**PROBLEM TO SOLVE:** Each entry below must appear in the answer exactly as written.
*** SOURCE MATERIAL ***
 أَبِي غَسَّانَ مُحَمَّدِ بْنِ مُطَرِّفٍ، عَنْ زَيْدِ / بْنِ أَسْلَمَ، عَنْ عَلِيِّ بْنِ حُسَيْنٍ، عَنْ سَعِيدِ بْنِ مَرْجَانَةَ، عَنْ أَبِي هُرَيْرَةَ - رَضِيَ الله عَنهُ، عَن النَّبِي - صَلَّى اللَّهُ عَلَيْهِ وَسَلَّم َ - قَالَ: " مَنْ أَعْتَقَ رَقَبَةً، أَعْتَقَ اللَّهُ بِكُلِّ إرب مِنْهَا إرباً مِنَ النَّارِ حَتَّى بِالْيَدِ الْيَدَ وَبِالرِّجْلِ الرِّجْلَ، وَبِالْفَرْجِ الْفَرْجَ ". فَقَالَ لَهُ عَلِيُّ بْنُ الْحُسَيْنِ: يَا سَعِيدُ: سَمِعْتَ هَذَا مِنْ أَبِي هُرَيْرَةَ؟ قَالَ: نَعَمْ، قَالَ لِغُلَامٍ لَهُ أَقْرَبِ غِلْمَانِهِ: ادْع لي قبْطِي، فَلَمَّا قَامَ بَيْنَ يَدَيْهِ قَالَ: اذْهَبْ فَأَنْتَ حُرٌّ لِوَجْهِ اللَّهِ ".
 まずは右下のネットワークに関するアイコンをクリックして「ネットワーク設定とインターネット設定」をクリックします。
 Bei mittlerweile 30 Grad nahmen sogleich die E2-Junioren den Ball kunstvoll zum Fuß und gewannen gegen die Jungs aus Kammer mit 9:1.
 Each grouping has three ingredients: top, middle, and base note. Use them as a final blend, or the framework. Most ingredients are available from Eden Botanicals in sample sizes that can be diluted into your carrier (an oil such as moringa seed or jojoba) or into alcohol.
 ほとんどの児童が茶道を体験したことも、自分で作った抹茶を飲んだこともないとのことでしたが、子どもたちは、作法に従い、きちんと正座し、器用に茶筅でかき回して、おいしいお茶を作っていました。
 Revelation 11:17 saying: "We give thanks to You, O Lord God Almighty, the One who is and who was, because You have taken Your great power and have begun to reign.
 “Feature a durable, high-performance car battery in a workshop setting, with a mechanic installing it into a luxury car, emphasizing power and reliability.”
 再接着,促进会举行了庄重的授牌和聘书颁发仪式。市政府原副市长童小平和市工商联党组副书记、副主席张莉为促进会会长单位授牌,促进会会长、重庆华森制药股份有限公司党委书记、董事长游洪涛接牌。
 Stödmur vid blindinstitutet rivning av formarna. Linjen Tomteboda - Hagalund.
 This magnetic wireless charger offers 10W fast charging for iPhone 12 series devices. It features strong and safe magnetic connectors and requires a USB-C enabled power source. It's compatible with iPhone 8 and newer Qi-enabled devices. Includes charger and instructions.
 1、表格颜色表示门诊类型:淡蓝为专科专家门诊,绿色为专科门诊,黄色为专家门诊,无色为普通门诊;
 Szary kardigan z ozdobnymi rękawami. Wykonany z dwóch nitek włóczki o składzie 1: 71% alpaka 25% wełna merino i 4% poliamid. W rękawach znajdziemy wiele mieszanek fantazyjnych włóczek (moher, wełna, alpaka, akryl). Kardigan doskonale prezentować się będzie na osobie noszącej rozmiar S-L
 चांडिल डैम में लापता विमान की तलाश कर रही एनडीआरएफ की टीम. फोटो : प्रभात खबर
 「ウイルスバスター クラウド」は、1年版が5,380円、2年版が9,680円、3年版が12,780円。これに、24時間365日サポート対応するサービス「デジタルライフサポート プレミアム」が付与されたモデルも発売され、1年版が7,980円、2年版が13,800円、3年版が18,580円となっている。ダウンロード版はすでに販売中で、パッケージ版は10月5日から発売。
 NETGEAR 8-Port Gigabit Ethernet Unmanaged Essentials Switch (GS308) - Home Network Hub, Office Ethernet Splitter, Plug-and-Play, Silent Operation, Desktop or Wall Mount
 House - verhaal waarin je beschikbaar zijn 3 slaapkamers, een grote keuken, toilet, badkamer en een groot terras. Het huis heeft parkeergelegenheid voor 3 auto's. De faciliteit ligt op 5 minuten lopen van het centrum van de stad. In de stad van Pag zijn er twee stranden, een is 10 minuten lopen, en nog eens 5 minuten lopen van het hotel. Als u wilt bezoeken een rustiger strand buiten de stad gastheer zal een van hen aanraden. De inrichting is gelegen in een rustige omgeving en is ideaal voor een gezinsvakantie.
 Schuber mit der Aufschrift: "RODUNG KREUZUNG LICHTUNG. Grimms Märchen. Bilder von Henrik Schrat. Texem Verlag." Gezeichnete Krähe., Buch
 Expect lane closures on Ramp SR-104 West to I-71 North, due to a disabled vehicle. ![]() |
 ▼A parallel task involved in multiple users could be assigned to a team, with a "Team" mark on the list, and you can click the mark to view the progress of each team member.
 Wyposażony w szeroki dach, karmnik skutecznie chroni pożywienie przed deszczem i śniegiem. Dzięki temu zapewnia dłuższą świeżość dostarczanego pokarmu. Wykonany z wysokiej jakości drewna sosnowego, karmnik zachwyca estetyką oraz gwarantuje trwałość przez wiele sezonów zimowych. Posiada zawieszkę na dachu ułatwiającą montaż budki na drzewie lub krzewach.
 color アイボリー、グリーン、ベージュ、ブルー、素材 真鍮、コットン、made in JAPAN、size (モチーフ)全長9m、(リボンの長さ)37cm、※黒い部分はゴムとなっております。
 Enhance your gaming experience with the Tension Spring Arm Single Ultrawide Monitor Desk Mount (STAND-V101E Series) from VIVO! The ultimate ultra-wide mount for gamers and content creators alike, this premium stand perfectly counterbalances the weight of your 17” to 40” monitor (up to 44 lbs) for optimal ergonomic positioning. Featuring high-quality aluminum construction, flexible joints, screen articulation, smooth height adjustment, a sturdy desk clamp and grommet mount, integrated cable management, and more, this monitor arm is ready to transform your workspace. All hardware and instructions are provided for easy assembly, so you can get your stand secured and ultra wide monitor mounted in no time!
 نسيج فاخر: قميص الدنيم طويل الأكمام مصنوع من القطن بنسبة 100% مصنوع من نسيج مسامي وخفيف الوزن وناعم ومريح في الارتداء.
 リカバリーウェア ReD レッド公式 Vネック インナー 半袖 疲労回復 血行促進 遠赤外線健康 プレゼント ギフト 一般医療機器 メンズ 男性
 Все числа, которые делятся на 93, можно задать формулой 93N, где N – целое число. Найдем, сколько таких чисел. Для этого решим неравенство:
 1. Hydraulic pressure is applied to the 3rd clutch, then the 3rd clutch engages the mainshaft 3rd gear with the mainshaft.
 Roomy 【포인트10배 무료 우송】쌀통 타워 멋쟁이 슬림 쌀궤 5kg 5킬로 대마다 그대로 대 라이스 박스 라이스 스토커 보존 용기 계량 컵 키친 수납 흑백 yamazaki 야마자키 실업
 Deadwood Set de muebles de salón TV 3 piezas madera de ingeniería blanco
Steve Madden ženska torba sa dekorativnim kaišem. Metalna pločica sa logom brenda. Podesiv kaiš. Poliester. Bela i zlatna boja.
*** End of SOURCE MATERIAL ***
**THE COMPLETED TASK:**
 أَبِي غَسَّانَ مُحَمَّدِ بْنِ مُطَرِّفٍ، عَنْ زَيْدِ / بْنِ أَسْلَمَ، عَنْ عَلِيِّ بْنِ حُسَيْنٍ، عَنْ سَعِيدِ بْنِ مَرْجَانَةَ، عَنْ أَبِي هُرَيْرَةَ - رَضِيَ الله عَنهُ، عَن النَّبِي - صَلَّى اللَّهُ عَلَيْهِ وَسَلَّم َ - قَالَ: " مَنْ أَعْتَقَ رَقَبَةً، أَعْتَقَ اللَّهُ بِكُلِّ إرب مِنْهَا إرباً مِنَ النَّارِ حَتَّى بِالْيَدِ الْيَدَ وَبِالرِّجْلِ الرِّجْلَ، وَبِالْفَرْجِ الْفَرْجَ ". فَقَالَ لَهُ عَلِيُّ بْنُ الْحُسَيْنِ: يَا سَعِيدُ: سَمِعْتَ هَذَا مِنْ أَبِي هُرَيْرَةَ؟ قَالَ: نَعَمْ، قَالَ لِغُلَامٍ لَهُ أَقْرَبِ غِلْمَانِهِ: ادْع لي قبْطِي، فَلَمَّا قَامَ بَيْنَ يَدَيْهِ قَالَ: اذْهَبْ فَأَنْتَ حُرٌّ لِوَجْهِ اللَّهِ ".
 まずは右下のネットワークに関するアイコンをクリックして「ネットワーク設定とインターネット設定」をクリックします。
 Bei mittlerweile 30 Grad nahmen sogleich die E2-Junioren den Ball kunstvoll zum Fuß und gewannen gegen die Jungs aus Kammer mit 9:1.
 Each grouping has three ingredients: top, middle, and base note. Use them as a final blend, or the framework. Most ingredients are available from Eden Botanicals in sample sizes that can be diluted into your carrier (an oil such as moringa seed or jojoba) or into alcohol.
 ほとんどの児童が茶道を体験したことも、自分で作った抹茶を飲んだこともないとのことでしたが、子どもたちは、作法に従い、きちんと正座し、器用に茶筅でかき回して、おいしいお茶を作っていました。
 Revelation 11:17 saying: "We give thanks to You, O Lord God Almighty, the One who is and who was, because You have taken Your great power and have begun to reign.
 “Feature a durable, high-performance car battery in a workshop setting, with a mechanic installing it into a luxury car, emphasizing power and reliability.”
 再接着,促进会举行了庄重的授牌和聘书颁发仪式。市政府原副市长童小平和市工商联党组副书记、副主席张莉为促进会会长单位授牌,促进会会长、重庆华森制药股份有限公司党委书记、董事长游洪涛接牌。
 Stödmur vid blindinstitutet rivning av formarna. Linjen Tomteboda - Hagalund.
 This magnetic wireless charger offers 10W fast charging for iPhone 12 series devices. It features strong and safe magnetic connectors and requires a USB-C enabled power source. It's compatible with iPhone 8 and newer Qi-enabled devices. Includes charger and instructions.
 1、表格颜色表示门诊类型:淡蓝为专科专家门诊,绿色为专科门诊,黄色为专家门诊,无色为普通门诊;
 Szary kardigan z ozdobnymi rękawami. Wykonany z dwóch nitek włóczki o składzie 1: 71% alpaka 25% wełna merino i 4% poliamid. W rękawach znajdziemy wiele mieszanek fantazyjnych włóczek (moher, wełna, alpaka, akryl). Kardigan doskonale prezentować się będzie na osobie noszącej rozmiar S-L
 चांडिल डैम में लापता विमान की तलाश कर रही एनडीआरएफ की टीम. फोटो : प्रभात खबर
 「ウイルスバスター クラウド」は、1年版が5,380円、2年版が9,680円、3年版が12,780円。これに、24時間365日サポート対応するサービス「デジタルライフサポート プレミアム」が付与されたモデルも発売され、1年版が7,980円、2年版が13,800円、3年版が18,580円となっている。ダウンロード版はすでに販売中で、パッケージ版は10月5日から発売。
 NETGEAR 8-Port Gigabit Ethernet Unmanaged Essentials Switch (GS308) - Home Network Hub, Office Ethernet Splitter, Plug-and-Play, Silent Operation, Desktop or Wall Mount
 House - verhaal waarin je beschikbaar zijn 3 slaapkamers, een grote keuken, toilet, badkamer en een groot terras. Het huis heeft parkeergelegenheid voor 3 auto's. De faciliteit ligt op 5 minuten lopen van het centrum van de stad. In de stad van Pag zijn er twee stranden, een is 10 minuten lopen, en nog eens 5 minuten lopen van het hotel. Als u wilt bezoeken een rustiger strand buiten de stad gastheer zal een van hen aanraden. De inrichting is gelegen in een rustige omgeving en is ideaal voor een gezinsvakantie.
 Schuber mit der Aufschrift: "RODUNG KREUZUNG LICHTUNG. Grimms Märchen. Bilder von Henrik Schrat. Texem Verlag." Gezeichnete Krähe., Buch
 Expect lane closures on Ramp SR-104 West to I-71 North, due to a disabled vehicle. ![]() |
 ▼A parallel task involved in multiple users could be assigned to a team, with a "Team" mark on the list, and you can click the mark to view the progress of each team member.
 Wyposażony w szeroki dach, karmnik skutecznie chroni pożywienie przed deszczem i śniegiem. Dzięki temu zapewnia dłuższą świeżość dostarczanego pokarmu. Wykonany z wysokiej jakości drewna sosnowego, karmnik zachwyca estetyką oraz gwarantuje trwałość przez wiele sezonów zimowych. Posiada zawieszkę na dachu ułatwiającą montaż budki na drzewie lub krzewach.
 color アイボリー、グリーン、ベージュ、ブルー、素材 真鍮、コットン、made in JAPAN、size (モチーフ)全長9m、(リボンの長さ)37cm、※黒い部分はゴムとなっております。
 Enhance your gaming experience with the Tension Spring Arm Single Ultrawide Monitor Desk Mount (STAND-V101E Series) from VIVO! The ultimate ultra-wide mount for gamers and content creators alike, this premium stand perfectly counterbalances the weight of your 17” to 40” monitor (up to 44 lbs) for optimal ergonomic positioning. Featuring high-quality aluminum construction, flexible joints, screen articulation, smooth height adjustment, a sturdy desk clamp and grommet mount, integrated cable management, and more, this monitor arm is ready to transform your workspace. All hardware and instructions are provided for easy assembly, so you can get your stand secured and ultra wide monitor mounted in no time!
 نسيج فاخر: قميص الدنيم طويل الأكمام مصنوع من القطن بنسبة 100% مصنوع من نسيج مسامي وخفيف الوزن وناعم ومريح في الارتداء.
 リカバリーウェア ReD レッド公式 Vネック インナー 半袖 疲労回復 血行促進 遠赤外線健康 プレゼント ギフト 一般医療機器 メンズ 男性
 Все числа, которые делятся на 93, можно задать формулой 93N, где N – целое число. Найдем, сколько таких чисел. Для этого решим неравенство:
 1. Hydraulic pressure is applied to the 3rd clutch, then the 3rd clutch engages the mainshaft 3rd gear with the mainshaft.
 Roomy 【포인트10배 무료 우송】쌀통 타워 멋쟁이 슬림 쌀궤 5kg 5킬로 대마다 그대로 대 라이스 박스 라이스 스토커 보존 용기 계량 컵 키친 수납 흑백 yamazaki 야마자키 실업
 Deadwood Set de muebles de salón TV 3 piezas madera de ingeniería blanco
Steve Madden ženska torba sa dekorativnim kaišem. Metalna pločica sa logom brenda. Podesiv kaiš. Poliester. Bela i zlatna boja.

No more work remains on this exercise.